It’s 2024. Do you know what your overnight borrowing costs are?
For many regional and community banks, the answer is no – and poor regulatory guidance is a primary cause. After years of manipulation scandals, the LIBOR interest rate was thankfully officially discontinued on June 30, 2023. At last, financial institutions had an opportunity to assess their risk using an uncorrupted rate based on real transactions.
Yet just days later, IOSCO issued a statement on alternatives to LIBOR. Among its assertions was that credit-sensitive rates do not comply with international benchmark standards: “Absent modification, their use may threaten market integrity and financial stability.” Instead, SOFR – already used by many firms that had abandoned LIBOR – was identified as a less vulnerable rate, entrenching its position as the popular alternative.
This was an exceedingly poor outcome. Put simply, IOSCO’s conclusion was wrong. Whatever its virtues, SOFR reflects costs that are in many cases wholly irrelevant to the borrowing activity of regional and community banks – the engines that power Main Street economies throughout the US. It’s unfortunate that this momentous shift in the loan funding market was immediately met with a repudiation of credit-sensitive rates, which provide a much better reflection of the overnight borrowing costs of smaller institutions. With so many firms discouraged from using a benchmark that aligns with the nature of their business, the risk of widespread banking turmoil is significantly greater.
Why? Let’s break it down.
SOFR and Commercial Banks: A Square Peg for a Round Hole
The basic use case for interest rate benchmarks among regional and community banks is fairly straightforward. These institutions want to manage interest rate risk and maintain stable margins by charging a lending rate equal to a fixed spread over their borrowing costs. To meet their short-term liquidity needs, commercial banks fund themselves through a number of means: federal funds, certificates of deposit, commercial paper, etc. To accurately calculate risk, they must capture the cost of operating in these short-term wholesale funding markets.
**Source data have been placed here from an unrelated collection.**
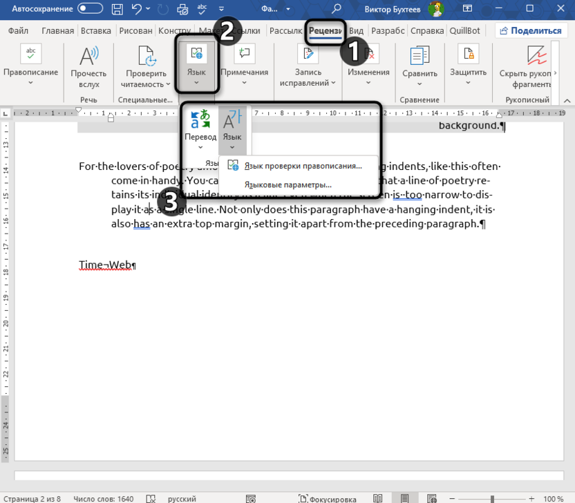 Убедитесь, что язык документа установлен правильно через строку состояния внизу экрана или меню «Рецензирование» – «Язык». Неправильный язык приводит к переносам по чужим правилам, что особенно заметно в русских текстах, определенных как английские.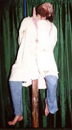 “Там стоит корзина, накрытая куском полотна, в которой лежит набор ножей. Каждый из этих ножей предназначен для определенной части тела, о чем свидетельствуют выгравированные на клинке надписи. Палач берет наугад из корзины один из ножей и, исходя из надписи, отрезает соответствующую часть тела. Однако в конце прошлого века подобная практика, по всей вероятности, была вытеснена другой, не оставлявшей места случайности и предусматривавшей отрезание в определенной последовательности частей тела при помощи единственного ножа. По словам сэра Генри Нормана, осужденного привязывают к подобию креста, и палач медленно и методично срезает сначала мясистые части тела, затем надрезает суставы, отрезает отдельные члены на конечностях и заканчивает казнь одним резким ударом в сердце...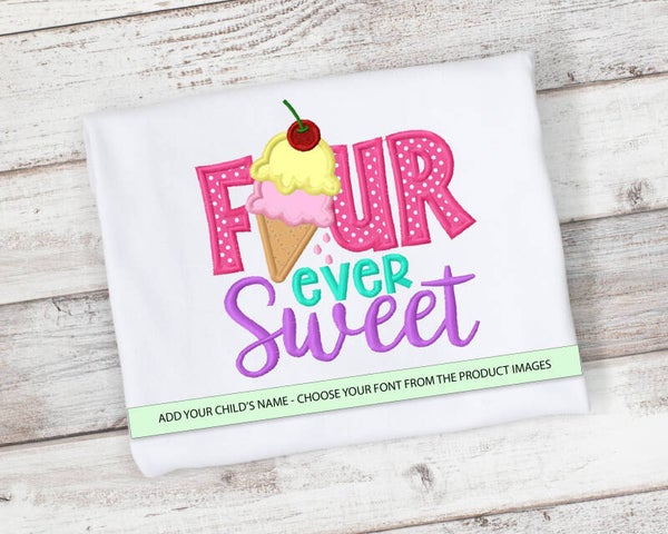 Four ever Sweet, 4th Birthday Embroidered Name Shirt or Bodysuit. Shirt sizes 12m-10 and bodysuit sizes 0/3 months - 12/18 months.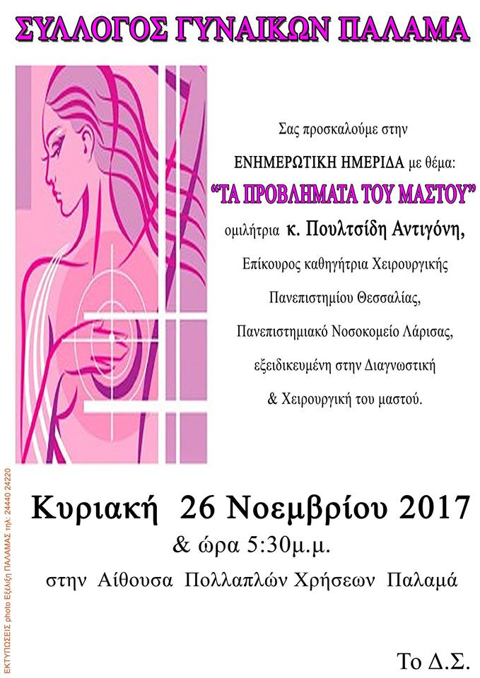 Ο Σύλλογος Γυναικών Παλαμά, σε συνδιοργάνωση με την Ένωση Πολιτιστικών Συλλόγων Ν. Καρδίτσας,  οργανώνει ενημερωτική ημερίδα με θέμα: «Τα προβλήματα του μαστού» την Κυριακή 26 Νοεμβρίου 2017 και ώρα 5.30μ.μ. στην Αίθουσα Πολλαπλών Χρήσεων Παλαμά.
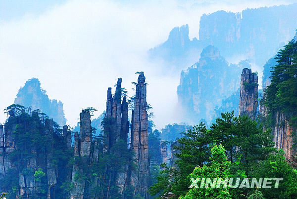山水畫般的張家界國家森林公園風(fēng)景(5月15日攝)。張家界國家森林公園位于湖南省西北部張家界市境內(nèi),成立于1982年,是中國第一個(gè)國家森林公園,擁有奇特的大面積石英砂巖峰林地貌,1992年12月被聯(lián)合國列入《世界自然遺產(chǎn)名錄》,2004年2月被列為世界地質(zhì)公園。整個(gè)公園自然風(fēng)光以峰稱奇、以谷顯幽、以林見秀,被稱為“中國山水畫的原本”。近年來,張家界大力推進(jìn)旅游行業(yè)整合提升,加大新線路、新產(chǎn)品開發(fā)力度,促進(jìn)了旅游業(yè)的發(fā)展。2008年,張家界接待國內(nèi)外游客1600多萬人次,實(shí)現(xiàn)旅游總收入80多億元。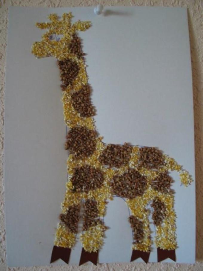 Якщо манну крупу краще всього використовувати для зимових виробів, то інша дозволяє створювати інші композиції у вигляді рослин, тварин і так далі. Пропонуємо вам ознайомитися з декількома цікавими ідеями створення цікавих аплікацій, які точно сподобаються вашим дітям.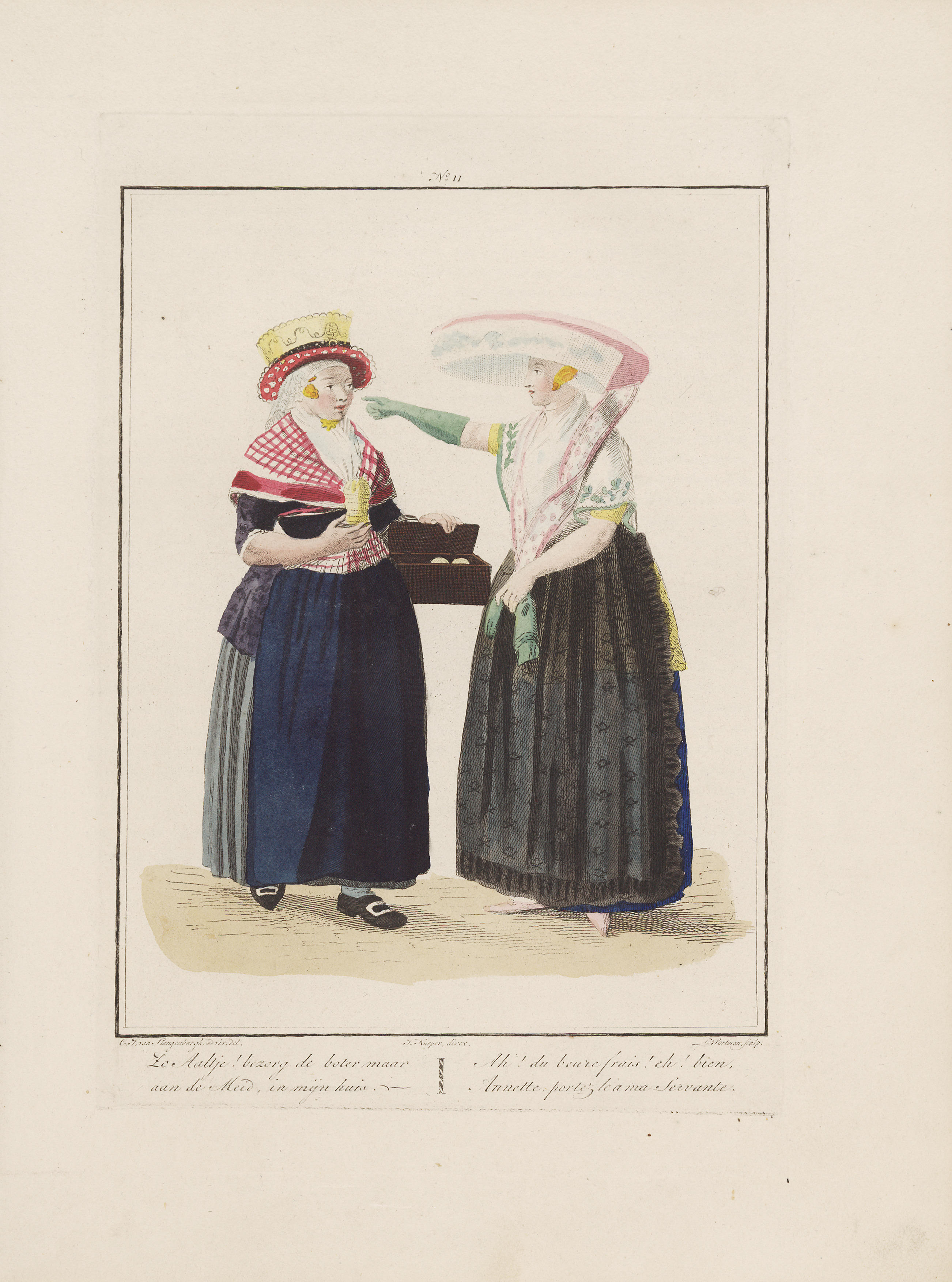 Ingekleurde gravure; Plaat 11 uit: Afbeeldingen van de kleedingen, zeden en gewoonten in de noordelijke provincien van het Koninkrijk der Nederlanden : met den aanvang der negentiende eeuw = Tableaux des habillemens ... / E. Maaskamp - Amsterdam, E. Maaskamp, 1829. De platen zijn eerder in 1803 door Maaskamp uitgegeven. In details en inkleuring zijn ...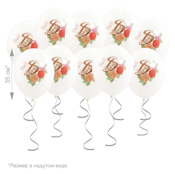 Шары под потолок 8 марта белые 15 шт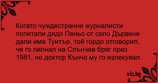 Когато чуждестранни журналисти попитали дядо Пеньо от село Дървене дали има Туитър, той гордо отговорил, че го пипнал на Слънчев бряг през 1981, но доктор Кънчо му го излекувал.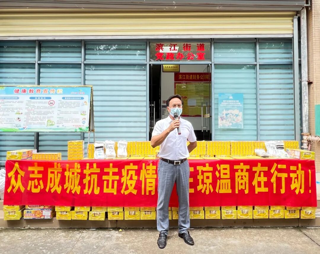 海口温州商会执行会长姚如旗表示本次海口滨江街道防疫物资捐赠活动由市政协韩斌主席牵线搭桥,知悉海口滨江街道缺乏防疫物资,影响疫情防控工作后,我会立刻采取行动,保障防疫物资供应。我会将继续投身疫情防控工作,践行使命,齐心抗疫,发扬温商精神,贡献温商力量。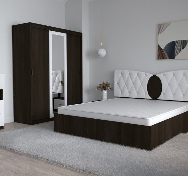 Dormitor Kent Magia Alb cu Pat Matrimonial 160 cm x 200 cm Dulap 3 usi Glisante cu Oglinda Noptiere si Comoda Tv Lorena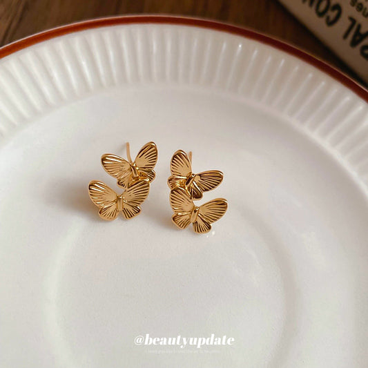 A廠【HE24490】真金電鍍銀針簡約蝴蝶耳環復古時尚耳環女小眾百搭耳環輕奢高級感 25.01-1
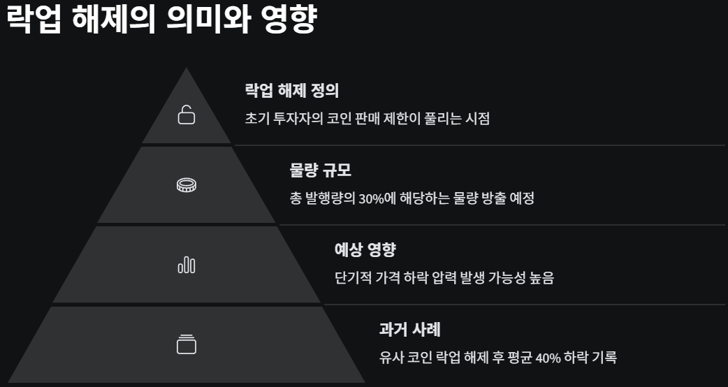 락업(lock-up)이란 개발자, 초기 투자자들이 보유한 코인을 일정 기간 동안 시장에 유통하지 않도록 묶어두는 방식이다. 이 락업이 풀리는 시점에는 대량의 물량이 시장에 등장할 수 있고, 공급 충격으로 인한 가격 하락이 우려되기도 한다. 하지만 반대로, 시장이 해당 물량을 모두 흡수하고도 가격을 유지하거나 오히려 상승한다면, 강력한 상승세로 이어질 가능성도 있다.
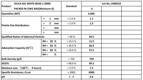 Hạt hút ẩm silica gel màu trắng 2-4mm moisture loss <2%

These banks provide many services – they sustain small businesses, provide mortgages, support community infrastructure and more – but they typically do not make markets, nor do they provide leverage to hedge funds or other sophisticated investment managers. That is the realm of dealers. To finance both their large inventories and their secured lending activity, dealers typically maintain large positions in Treasury bonds and sell them on the repo market to meet short-term funding needs.
The problem with SOFR is that it reflects the cost of overnight dealer financing against Treasury collateral. It represents the secured borrowing rate used by dealers to provide leverage. This is wholly inadequate for the needs of commercial banks, which seldom hold large quantities of government securities. These banks borrow funds in unsecured markets, where creditworthiness is a far bigger consideration.
Commercial banks might be able to use SOFR to get a rough sense of their borrowing costs, but the margin for error shrinks amid market turbulence. As we saw last year with the implosion of Silicon Valley Bank, it only takes one bank miscalculating its risk exposure to precipitate a wave of failures and catastrophic losses. In addition, it’s unfortunate that at a time when community and regional businesses are facing significant pressure due to inflation and other macroeconomic factors, commercial banks have been discouraged from selecting a benchmark or combination of benchmarks that reflect their business model.
The Value of Credit-Sensitivity: A COVID Case Study
A new paper by Marco Macchiavelli – a finance professor at the University of Massachusetts, Amherst and a former economist on the Federal Reserve’s Board of Governors – illustrates how a credit-sensitive benchmark interest rate can benefit commercial banks during times of market stress.
In the early days of the COVID-19 crisis, interest rates fell dramatically between March and April 2020 before stabilizing later in the spring and summer. However, there were days when SOFR moved in the opposite direction of bank funding costs. The spreads between SOFR and its credit-sensitive counterparts is usually fairly small (though still significant enough to invite risk), but at the outset of the pandemic, they widened to as many as 23 basis points.
The result? Commercial banks indexing their credit lines to SOFR may have received lower returns while facing higher borrowing costs. This mismatch would have led to negative interest rate margins, inviting significant risk during a period when economic turmoil was already widespread. The pandemic was a time when Americans needed their regional and community banks to be more vigilant than ever; sole reliance on SOFR would have undercut this mandate.
Yet sole reliance on SOFR is effectively what IOSCO called for in its statement last year. With LIBOR gone, there is no longer a rate that meets IOSCO’s standards while capturing the marginal funding costs of commercial banks. SOFR may be less prone to manipulation, but it simply isn’t relevant to a huge swath of financial institutions, at least not entirely. We’ve taken the shortcomings of one benchmark and replaced them with the shortcomings of another.
What these banks need is a credit-sensitive rate based on real transactions. As the Macchiavelli paper explains, they’re out there – but the market needs to feel confident in adopting them. I urge IOSCO to reconsider its position and reexamine the benefits of credit-sensitive rates. Until then, I’ll continue to beat this drum – because a more stable, efficient lending landscape is worth fighting for.